No-interest loans for as long as five years and discounted leases on most Toyota brand models from the world’s largest automaker are helping drive the rebound from year-earlier levels, Edmunds.com Chief Executive Officer Jeremy Anwyl said by phone today.
“Americans love a bargain,” Anwyl said. “Car buyers still feeling financially distressed see this as the best time to buy.”
The incentives and the “huge reservoir of goodwill” Toyota has built up over the years are limiting fallout from global recalls of more than 8 million cars, Anwyl said. Santa Monica, California-based Edmunds.com tracks pricing and consumer behavior on its car-information Web site.
Spending on incentives may add as much as 100 billion yen ($1.1 billion) in costs for Toyota City, Japan-based Toyota, Kohei Takahashi, an analyst at JPMorgan Chase & Co., said in a March 2 report. Other recall-related costs may total 315 billion yen through May 2011, and litigation settlements may cost about 100 billion yen, he said.
Excluding the Lexus brand, Toyota’s U.S. sales surged 50.5 percent in the first eight days of March from a year earlier, spokeswoman Celeste Migliore in Torrance, California, said today. President Akio Toyoda, 53, said this week that the company’s sales in the nation will recover in March after falling 8.7 percent in February and 16 percent in January.
Toyota’s incentives “are showing initial evidence of improvement” in U.S. deliveries, Himanshu Patel, a JPMorgan Chase analyst in New York, said today in a note to investors. Competitors may “aggressively” match Toyota’s offerings, spurring industrywide sales, Patel wrote.
Seventy-four percent of Toyota owners said they haven’t lost confidence in the company’s vehicles, and 82 percent think they are safe, Gallup said last week, citing a poll conducted on Feb. 27 and 28.
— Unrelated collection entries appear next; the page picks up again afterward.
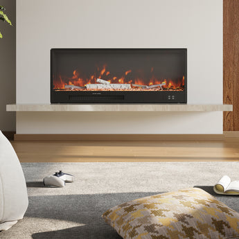 Bring warmth and modern elegance to your home with this recessed electric fireplace. Featuring a sleek finish and a flush-fit design, it creates a contemporary focal point. Lifelike flames flicker over resin logs and crystal accents, providing a stunning visual effect. With 12 flame colours, 6 brightness levels, and a smooth auto colour looping mode, you can tailor the ambience to suit any mood. Easy to operate via the touch panel, remote, or mobile app, it also offers temperature settings and a timer function for added comfort and control. Ideal for living rooms, bedrooms, or feature walls.
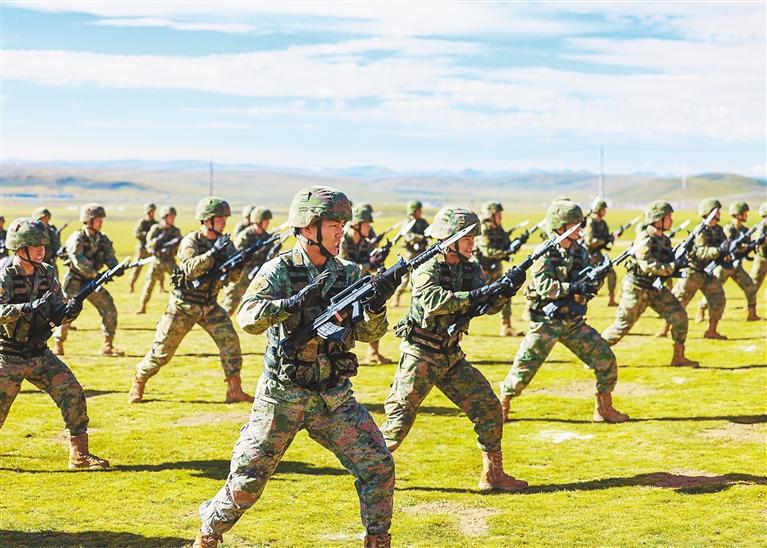 那曲市2025年度“軍事日”活動日前在那曲軍分區(qū)某訓(xùn)練場舉行。這是官兵們在進(jìn)行軍事科目演示。記者 萬靖 攝
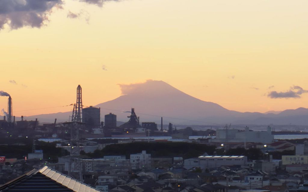 日没直後の富士山です。手前の工場群は新日鉄の施設の一部。
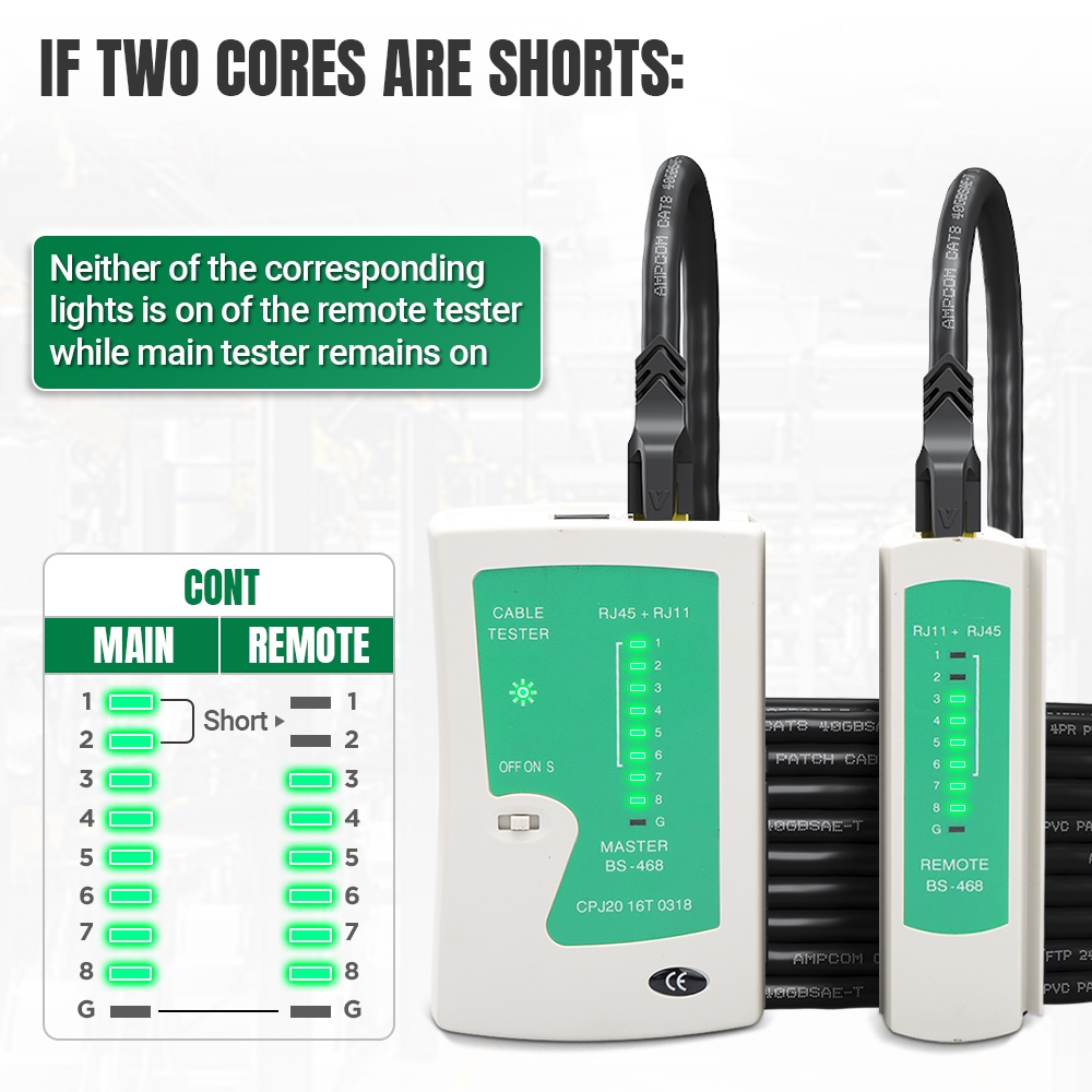 AMPCOM Network Cable Tester RJ45 Ethernet Cable Tester Lan Test Tool For CAT5 CAT6 CAT7 8P 6P LAN Cable And RJ11 Telephone Cable
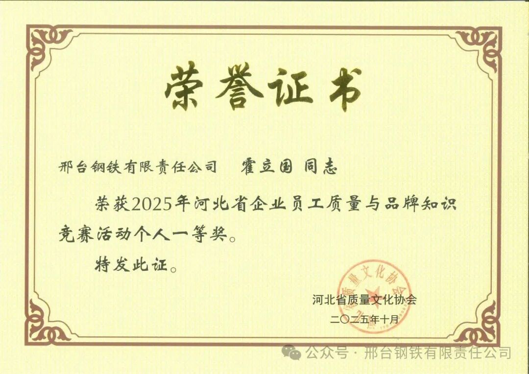 近日,2025年河北省企業(yè)員工質量與品牌知識競賽結果揭曉,邢臺鋼鐵有限責任公司憑借出色的組織工作和員工優(yōu)異的答題表現,榮獲“優(yōu)秀組織獎”,6名員工分獲個人一、二、三等獎。
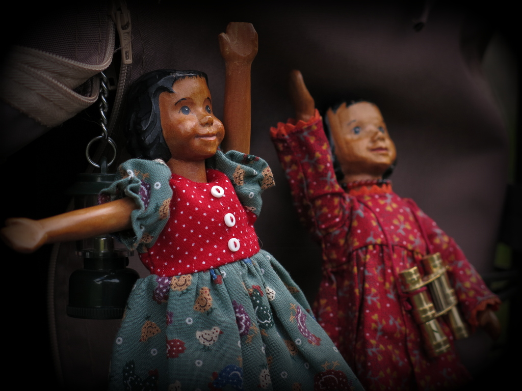 • The twins love back yard camping, and we were very lucky to get this shop floor sample at the end of the summer one year – it is perfect Hitty sized! The chicken dress was given to me by a mutual carving friend, we love it too, and I love how down-to-earth you are !
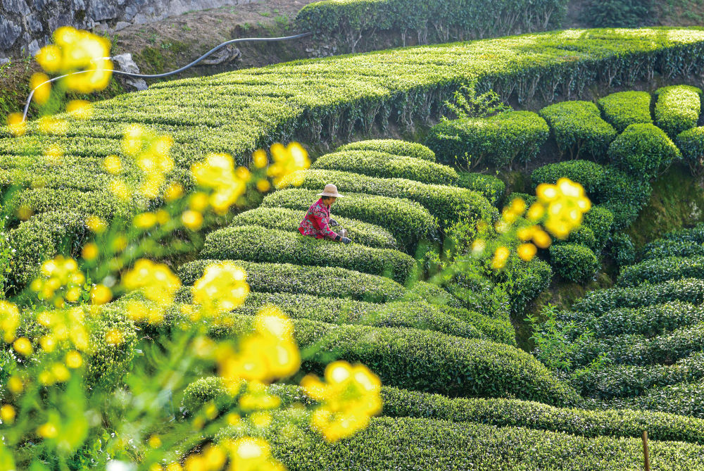 4月4日,茶农在三峡库区湖北省宜昌市秭归县茅坪镇长岭村一生态茶园采茶。新华社发(王辉富摄)

Toyota’s American depositary receipts slid 0.4 percent, or 31 cents, to $76.36 at 4:15 p.m. in New York Stock Exchange composite trading. Toyota shares fell 1.4 percent to close at 3,445 yen in Tokyo Stock Exchange trading, and have declined 11 percent this year as the carmaker recalled vehicles worldwide to repair defects linked to reports of sudden, unintended acceleration.
The company faces as many as 105 class-action and 31 individual lawsuits claiming deaths or injuries connected to vehicles speeding out of control.
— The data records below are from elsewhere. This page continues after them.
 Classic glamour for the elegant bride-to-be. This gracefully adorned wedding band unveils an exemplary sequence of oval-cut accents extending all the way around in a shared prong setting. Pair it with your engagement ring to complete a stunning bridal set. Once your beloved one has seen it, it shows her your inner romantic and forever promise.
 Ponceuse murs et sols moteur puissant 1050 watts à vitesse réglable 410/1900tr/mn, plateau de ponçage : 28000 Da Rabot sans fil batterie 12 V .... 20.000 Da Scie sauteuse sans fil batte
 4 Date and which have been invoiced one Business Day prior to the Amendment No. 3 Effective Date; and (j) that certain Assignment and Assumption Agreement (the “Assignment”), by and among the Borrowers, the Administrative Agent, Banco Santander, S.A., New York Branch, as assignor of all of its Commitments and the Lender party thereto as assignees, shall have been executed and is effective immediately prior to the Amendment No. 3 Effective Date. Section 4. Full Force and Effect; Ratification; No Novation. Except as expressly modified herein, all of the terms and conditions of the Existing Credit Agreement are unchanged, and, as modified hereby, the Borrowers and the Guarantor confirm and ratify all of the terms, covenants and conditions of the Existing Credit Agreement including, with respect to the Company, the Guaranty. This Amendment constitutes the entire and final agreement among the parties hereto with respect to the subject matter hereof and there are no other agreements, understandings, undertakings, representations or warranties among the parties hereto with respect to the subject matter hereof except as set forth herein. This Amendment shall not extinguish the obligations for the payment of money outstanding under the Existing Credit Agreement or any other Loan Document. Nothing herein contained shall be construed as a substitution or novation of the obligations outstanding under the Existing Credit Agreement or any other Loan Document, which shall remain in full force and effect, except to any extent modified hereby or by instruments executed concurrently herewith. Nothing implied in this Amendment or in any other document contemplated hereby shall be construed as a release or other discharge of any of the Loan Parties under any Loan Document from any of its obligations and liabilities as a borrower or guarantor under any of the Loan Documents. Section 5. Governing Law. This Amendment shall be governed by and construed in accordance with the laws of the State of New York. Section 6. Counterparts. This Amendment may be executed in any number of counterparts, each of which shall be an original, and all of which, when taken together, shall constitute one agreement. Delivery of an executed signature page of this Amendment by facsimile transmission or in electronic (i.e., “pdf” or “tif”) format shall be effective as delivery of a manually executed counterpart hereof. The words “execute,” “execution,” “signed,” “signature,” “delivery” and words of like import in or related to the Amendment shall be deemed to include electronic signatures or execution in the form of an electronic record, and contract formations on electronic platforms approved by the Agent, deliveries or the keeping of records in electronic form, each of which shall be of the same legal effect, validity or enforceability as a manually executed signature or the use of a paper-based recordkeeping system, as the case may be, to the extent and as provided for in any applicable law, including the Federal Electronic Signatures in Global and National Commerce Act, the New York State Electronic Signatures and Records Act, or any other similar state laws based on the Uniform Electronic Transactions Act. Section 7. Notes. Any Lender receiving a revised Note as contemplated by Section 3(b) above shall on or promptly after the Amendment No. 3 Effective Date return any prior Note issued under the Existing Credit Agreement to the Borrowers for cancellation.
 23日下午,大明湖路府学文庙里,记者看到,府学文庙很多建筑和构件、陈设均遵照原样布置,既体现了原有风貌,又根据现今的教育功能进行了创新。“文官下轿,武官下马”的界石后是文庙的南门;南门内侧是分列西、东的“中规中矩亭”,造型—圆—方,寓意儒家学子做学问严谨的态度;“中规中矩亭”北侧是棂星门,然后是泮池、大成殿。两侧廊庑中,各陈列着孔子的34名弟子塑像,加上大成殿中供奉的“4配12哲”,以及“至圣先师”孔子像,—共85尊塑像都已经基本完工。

New incentives, lower North American sales, an increase in advertising spending and scaled-back cost-cutting efforts may cut Toyota’s operating profit by 290 billion yen next fiscal year, Kurt Sanger, a Tokyo-based auto analyst at Deutsche Bank Group, said in a report on Feb. 18. The analysis anticipated the incentive program announced on March 2, Deutsche Bank spokesman Aston Bridgman said.
Toyota may post 390 billion yen in operating profit and 359 billion yen in net income in the fiscal year beginning April 1, compared with the company’s current-year forecast for a 20 billion yen operating loss and 80 billion yen in net income, according to Sanger’s report. Profit will rise as sales and margins improve in emerging markets and in Japan, he said.
The company may post net income of 469 billion yen next fiscal year, according to the median of 20 analyst estimates compiled by Bloomberg. Toyota reported a 437 billion yen net loss in the year ended March 31, 2009.